798 Art Factory

Beijing


This cathedral-like Bauhaus space, ceilings emblazoned with red Maoist slogans, makes for the quintessential 798 photograph whether or not an exhibition is in place. Built in the 1950s and established as a gallery by artist Huang Rui in 2003, several pieces of the old East German–built machinery have been left in situ. Enter via the underpass just west of the central UCCA gallery.

Bauhaus architecture, a German modernist movement, dictated that form should follow function. The 718 Joint Factory, of which this was a part, was built with East German expertise in the 1950s, with components imported from East Germany via the Trans-Siberian Railway all the way into the factory itself (the old factory station, and a steam loco, is a short walk west). The sawtooth roof with its banks of slanted windows bathes the space in natural light, while the northerly aspect reduces shadows. Supposedly the Chinese and their Russian advisors complained at the time about the high cost and exacting standards of the German design.
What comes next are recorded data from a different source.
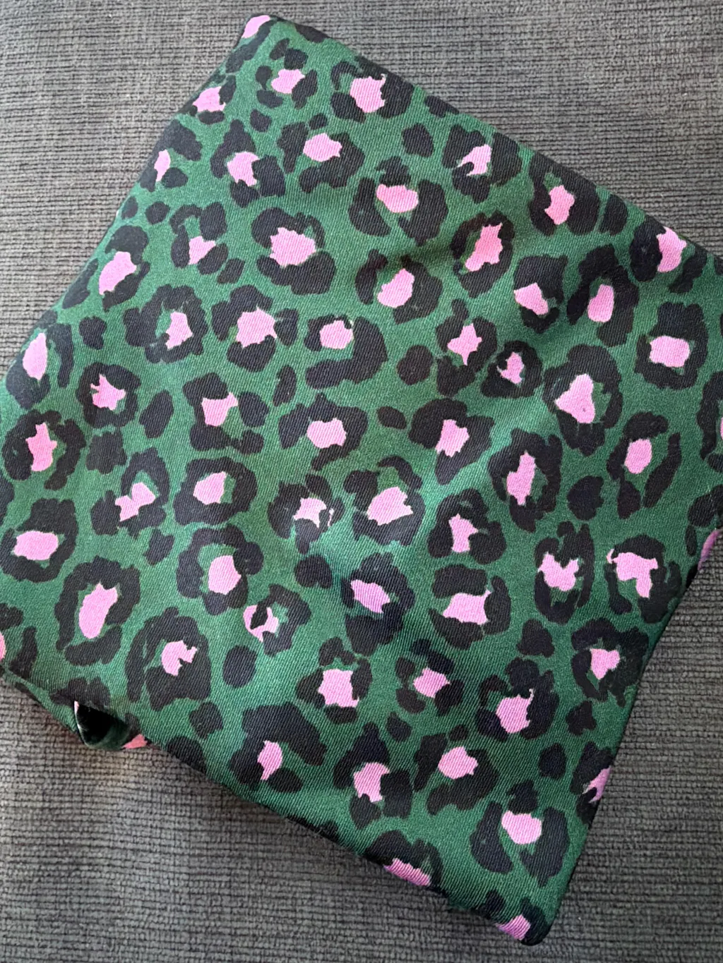 With its bold deep green and powder pink colors, this turban revisits the leopard print with a modern and fun twist! Its classic retro-style knotting makes it a must-have in your wardrobe.
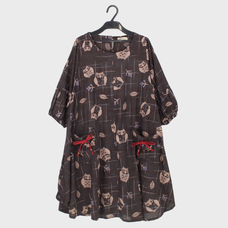 大西衣料(株)が運営する、【公式】卸・仕入れサイト『SELF WEB SHOP』で 婦人はんなりフレアワンピース(ふくろう) をお仕入れ!
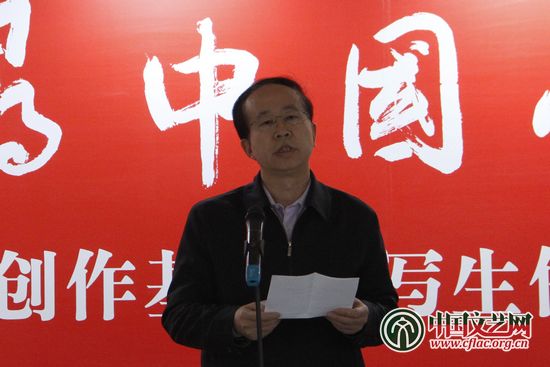 中國文聯黨組成員、副主席左中一在開幕式講話中高度肯定了美術家赴基層采風創作的奉獻精神。中國文藝網 馬李文博 攝
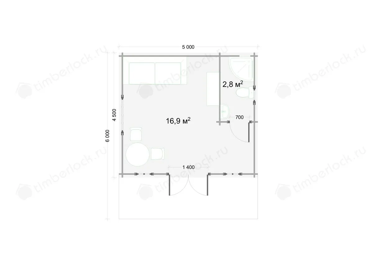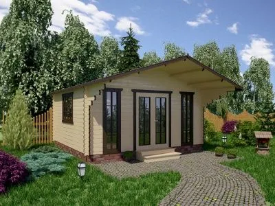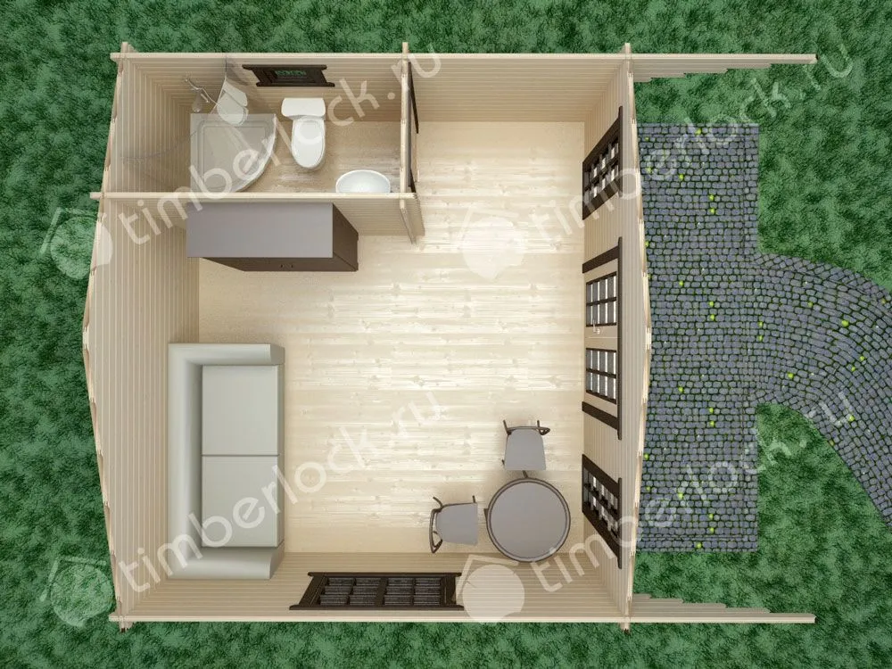 Красивый проект домика для строительства на пляжах и в общественных местах отдыха. В домике предусмотрена одна просторная комната и санузел. А также большой навес, под которым можно спрятаться от солнца или дождя.
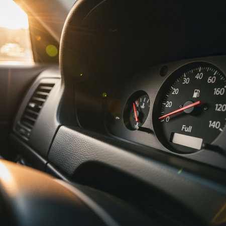 Close up image of a car's dashboard indicating a very high fuel consumption.
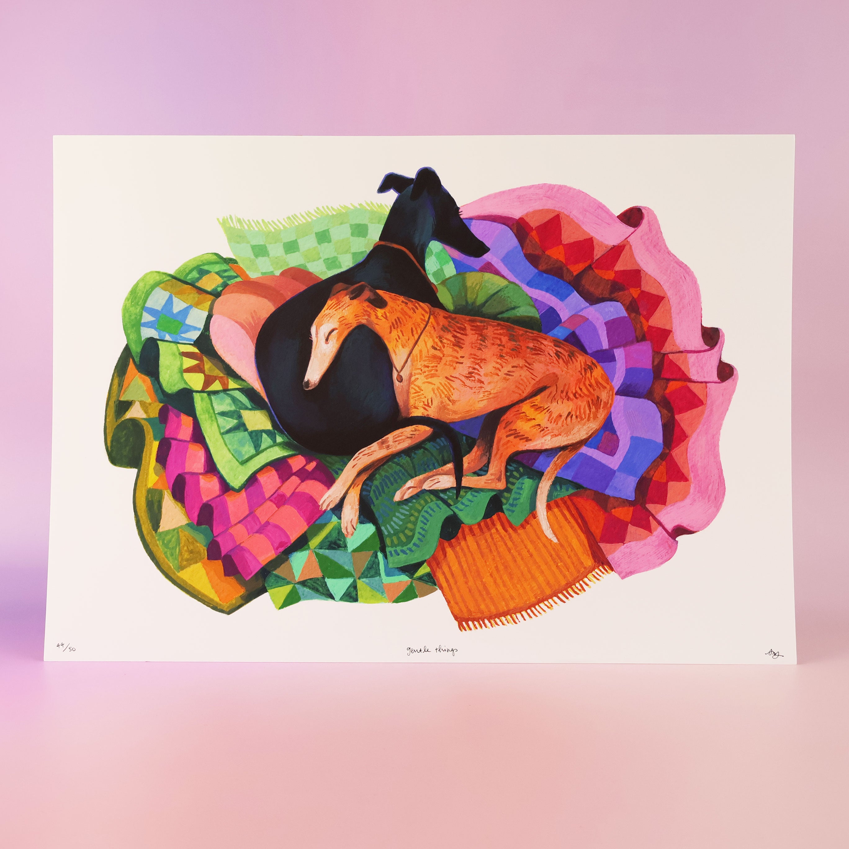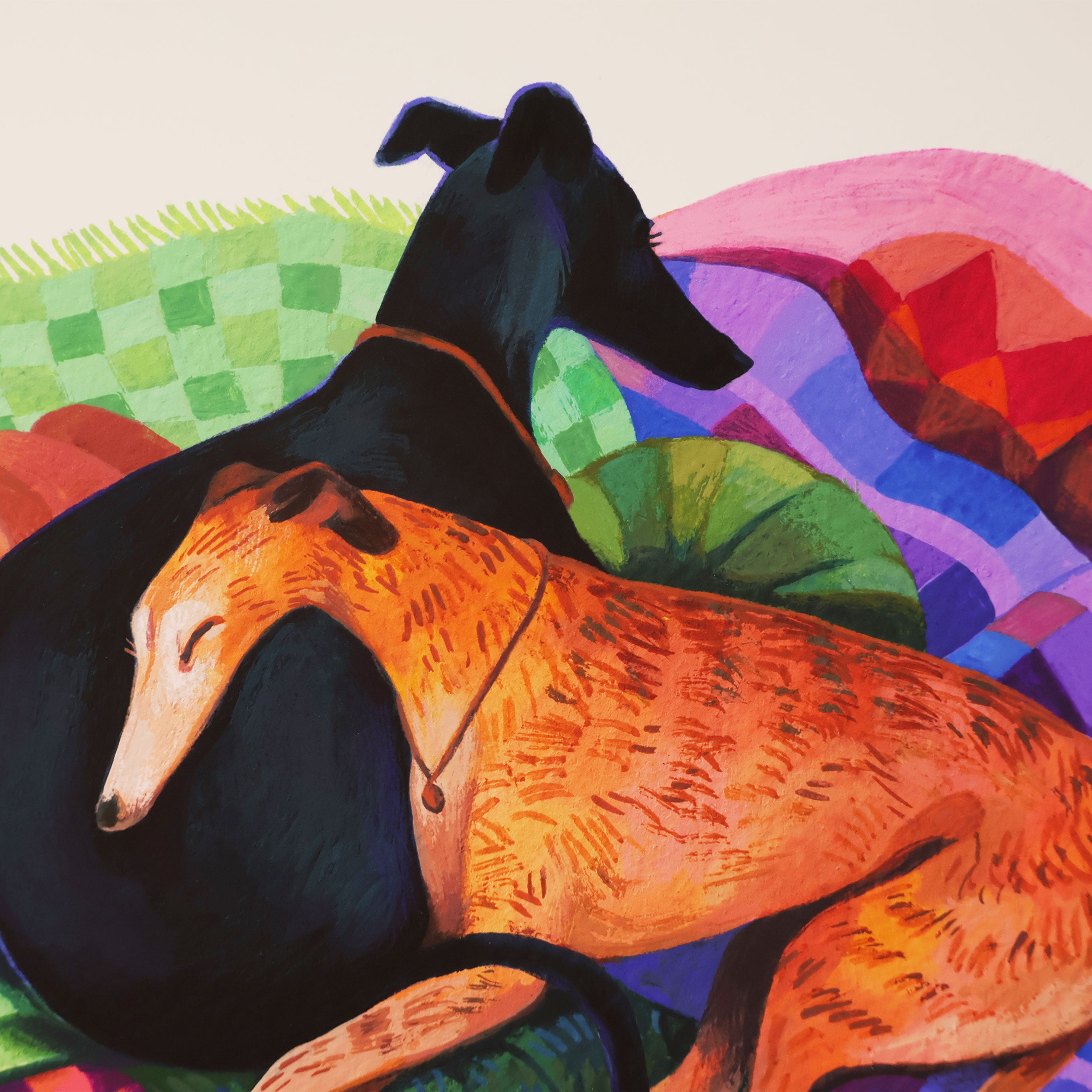 Exclusive colourful limited edition print of Sophie's hounds "Bebe & Pia". Each print is signed and numbered by the artist.
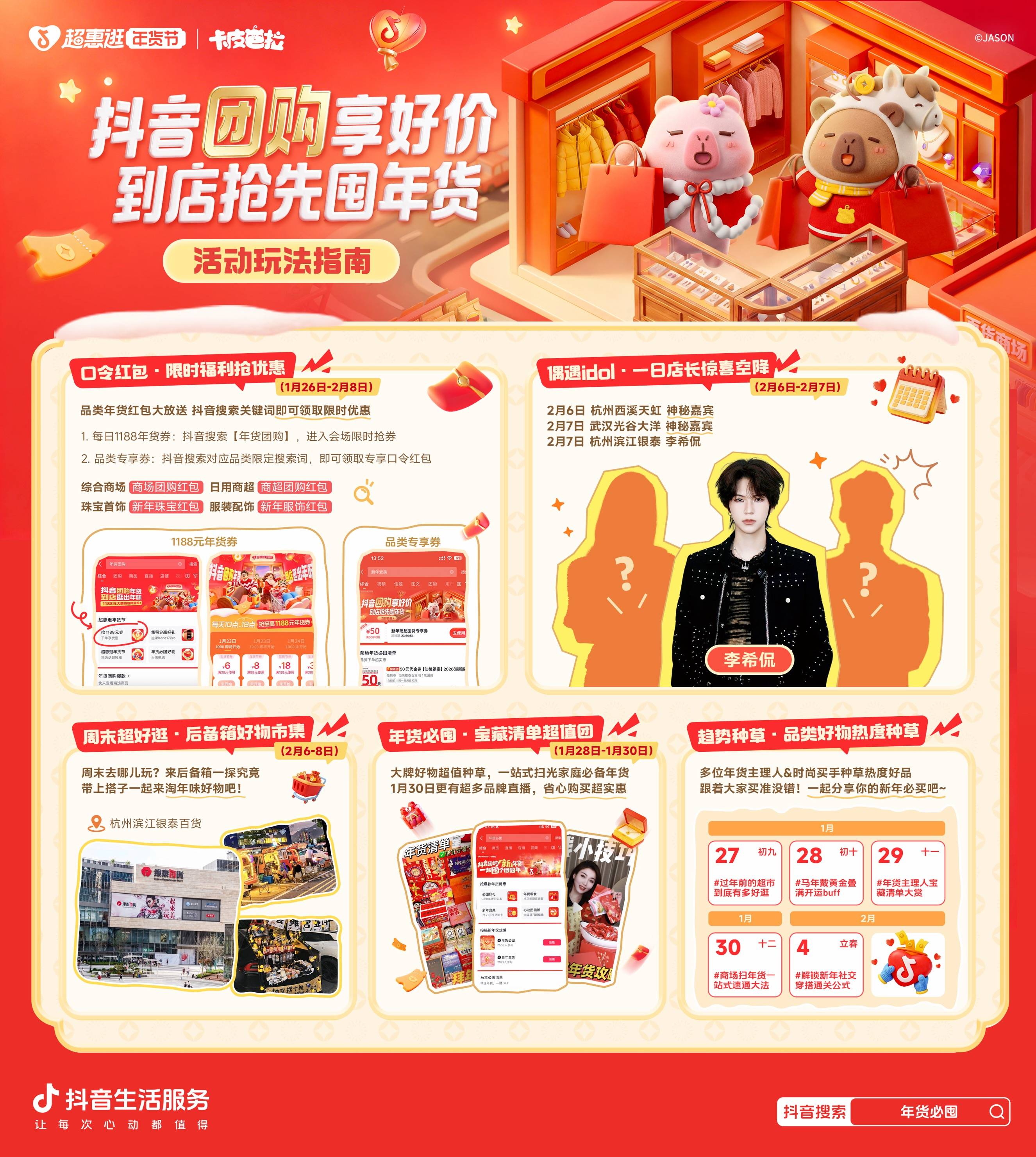 更多线下惊喜互动玩法等你来解锁:2 月 7 日,人气偶像李希侃将空降杭州滨江银泰百货化身 “一日店长”,与大家近距离互动,带来专属 “团逛” 福利;2 月 6 日至 2 月 8 日将同步开启热闹的 “后备箱好物集市” ,汇聚各类特色好物,快叫上你的新年搭子,一起来逛出烟火气、淘出新鲜感吧!

D-Park, together with 798, contains what was the gold standard of communist industrial might in China from 1957 when it was built (with East German expertise) until Deng Xiaoping's economic reforms in the 1980s. The whole zone was destined for demolition in the mid-noughties, to be turned into a technology park. Fortunately, public outcry and international involvement saved the site and earned preservation orders for the old industrial structures.